The Boomerang paper mentioned earlier is the main academic reference. In industry, IDE plugins for CodeQL and Semgrep use demand-driven techniques to give fast feedback on queries written in the editor. For a researcher exploring a large codebase, the experience is closer to interactive debugging than batch analysis.

Scaling to Millions of Lines

At the monorepo scale, even well-engineered dataflow analyses struggle. Google's Tricorder, Meta's Infer, and Microsoft's PROSE each approach this differently. The common themes are incremental analysis (re-analyze only what changed), aggressive summarization, and tight integration with code review so that findings are surfaced at the moment developers can act on them.

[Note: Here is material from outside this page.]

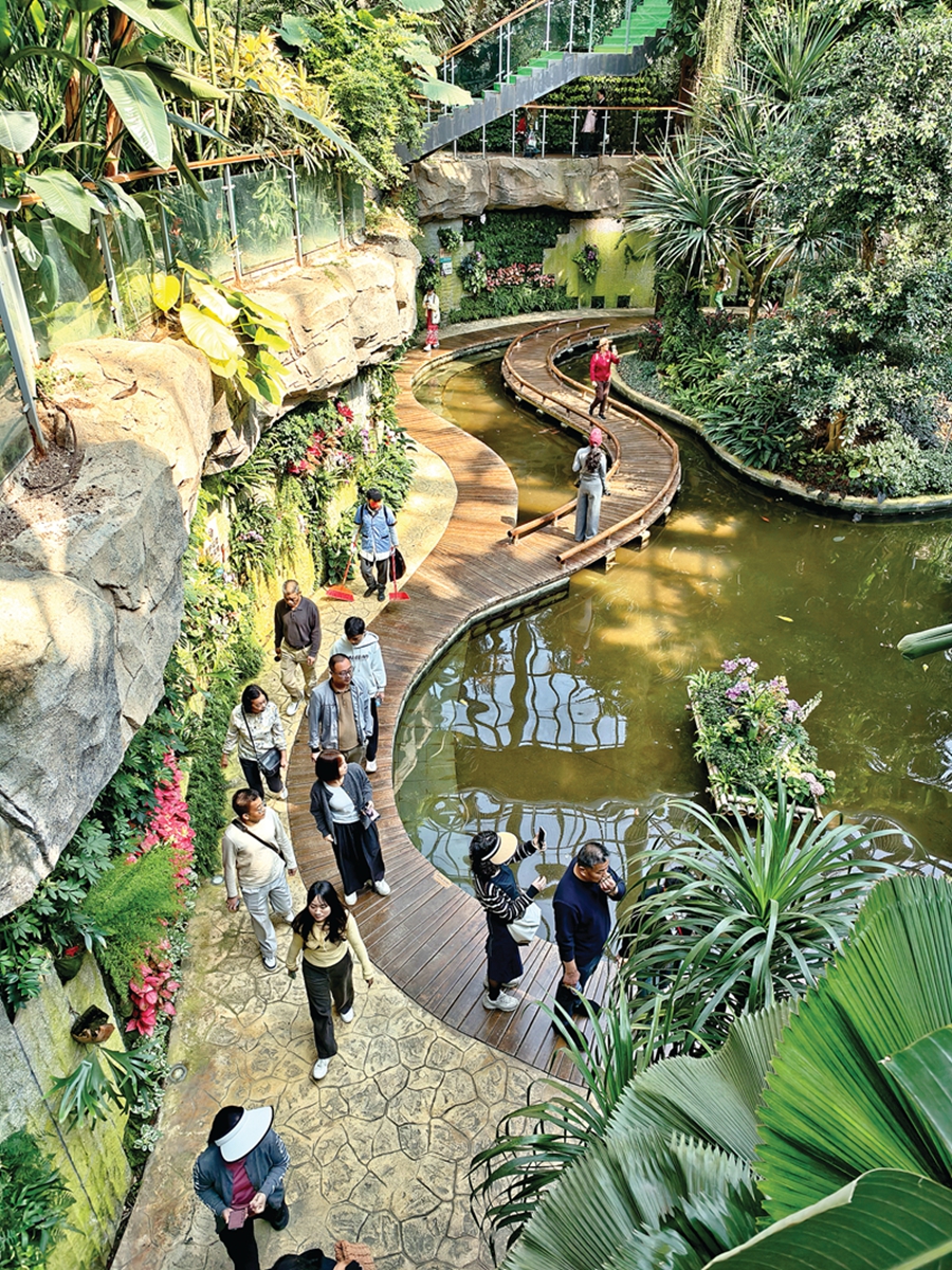 “春節(jié)期間,人氣很旺,大年初一入園客流有3萬人次!被葜葜参飯@管理服務(wù)中心相關(guān)負(fù)責(zé)人介紹,從大年初一開始,惠州植物園人流量不斷增大。廣大游客比較關(guān)注嶺南特色花卉展示以及花景藝術(shù),其中特色花卉有30余種,包括音符花、金紅花、五彩芋等。

For teams approaching the megaline scale, the tooling choice matters less than the deployment discipline. Any analysis is useful if it runs on every PR and surfaces findings to the right developer. No analysis is useful if it runs once a quarter and produces a PDF that nobody reads.

How Safeguard Helps

Safeguard runs interprocedural, framework-aware dataflow analysis across every language in your stack and stitches the results together at schema boundaries to produce cross-language reachability findings. When a CVE drops in a TypeScript library used by your frontend, Safeguard can tell you whether the vulnerable function is reachable from any HTTP endpoint your backend exposes. The demand-driven query interface lets your researchers ask targeted questions about specific functions and get answers in seconds rather than waiting for a whole-program analysis. All of this runs continuously in CI, so findings appear when a pull request is opened rather than weeks after merge.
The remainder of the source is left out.